Post by protagonist »

willthrill81 wrote: Mon Jan 30, 2017 11:08 am
Taylor Larimore wrote:willthrill81:

There is a strong temptation to invest in a fund that has done well in the past. However, times change and managers change. Almost without exception, top-performing funds eventually revert to the mean or below.
Believe me, I totally get that argument.

However, we're not talking about an actively managed fund that's managed to beat the S&P 500 for five years or even a decade. VWINX has barely trailed the S&P 500 for nearly 50 years. The statistical likelihood of that happening due to luck is extraordinarily low. Based on a recent study, fewer than 18% of active funds beat the S&P 500 for the last decade. So if we use that probability over 50 years, the likelihood of a given fund beating the S&P 500 would be approximately 2 in 10,000. VWINX certainly didn't beat the S&P 500, but it hasn't trailed it by much, far less than most actively managed funds.
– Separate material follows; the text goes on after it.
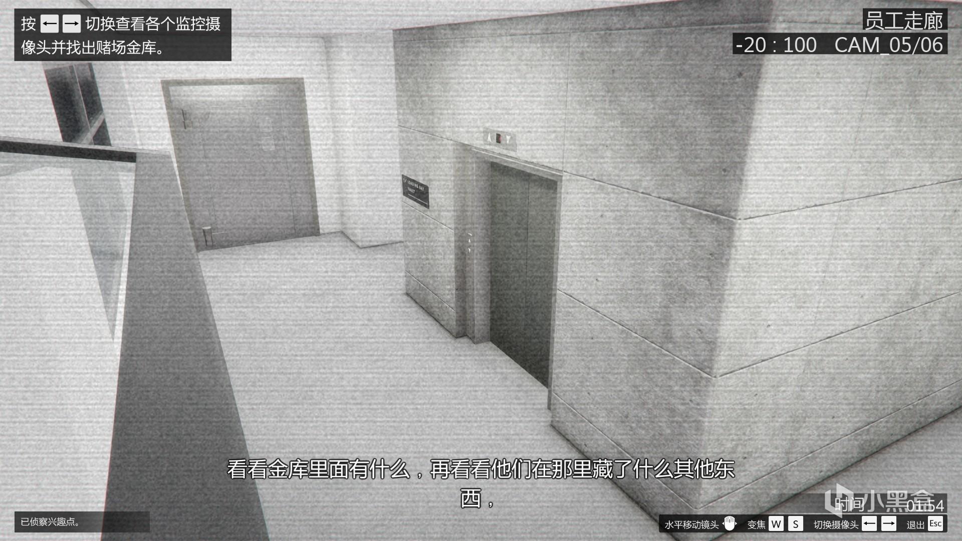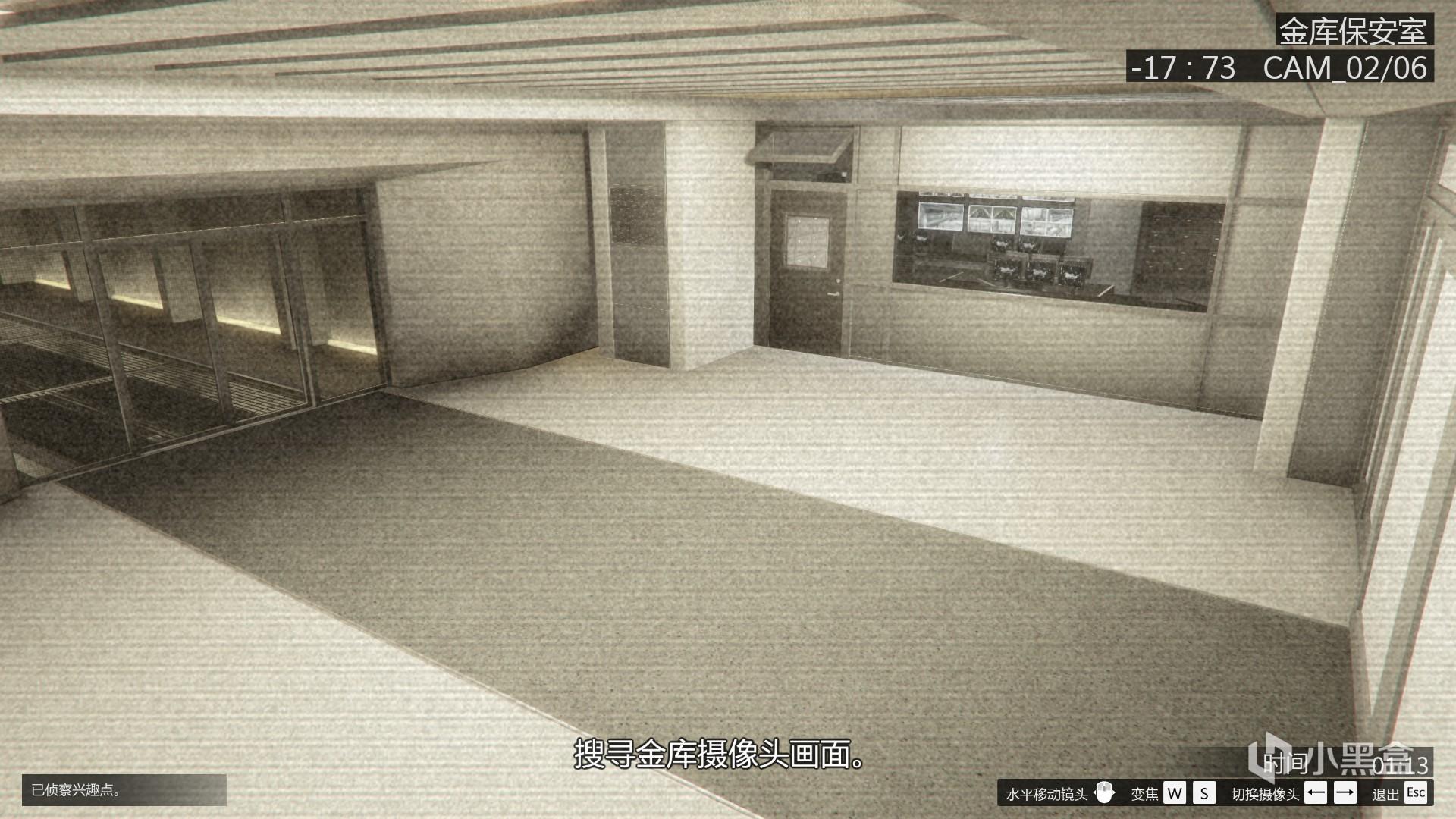 在第二个准备任务侦查金库财物中,我们可以侦查金库财物和剩下的5个兴趣点我们骇入监控后把每个地方都看到即可,通过方向键换监控,鼠标移动镜头即可,不需要拍照,会自动侦查兴趣点。

I also understand the argument that VWINX has been the recipient of a long bull run in the bond market. That makes some sense, but it doesn't hold up when you compare VWINX's performance against the S&P 500 during periods of rising rates. For instance, between 10/1/1986-2/28/1989, the Fed funds rate increased from just under 6.0 to just over 10.0. A $10k investment in both would have been valued at $11,982 for VWINX at the end of that period and $12,475 for VFIAX. Trailing performance, yes, but not by much.

Between 1/1/1994-4/1/1995, the Fed funds rate increased from 3.0 to just over 6.0. A $10k investment in both would have been valued at $10,241 for VWINX at the end of that period and $11,100 for VFIAX. That's significant difference, but that was also the beginning of one of the biggest bull runs in stock market history. Had you held both until 2002, their values would have been the same.

Between 1/1/1994-4/1/1995, the Fed funds rate increased from 1.0 to just over 5.0. A $10k investment in both would have been valued at $11,637 for VWINX at the end of that period and $11,784 for VFIAX, nearly equivalent.

So even during most periods of rising interest rates, VWINX still experienced consistent performance.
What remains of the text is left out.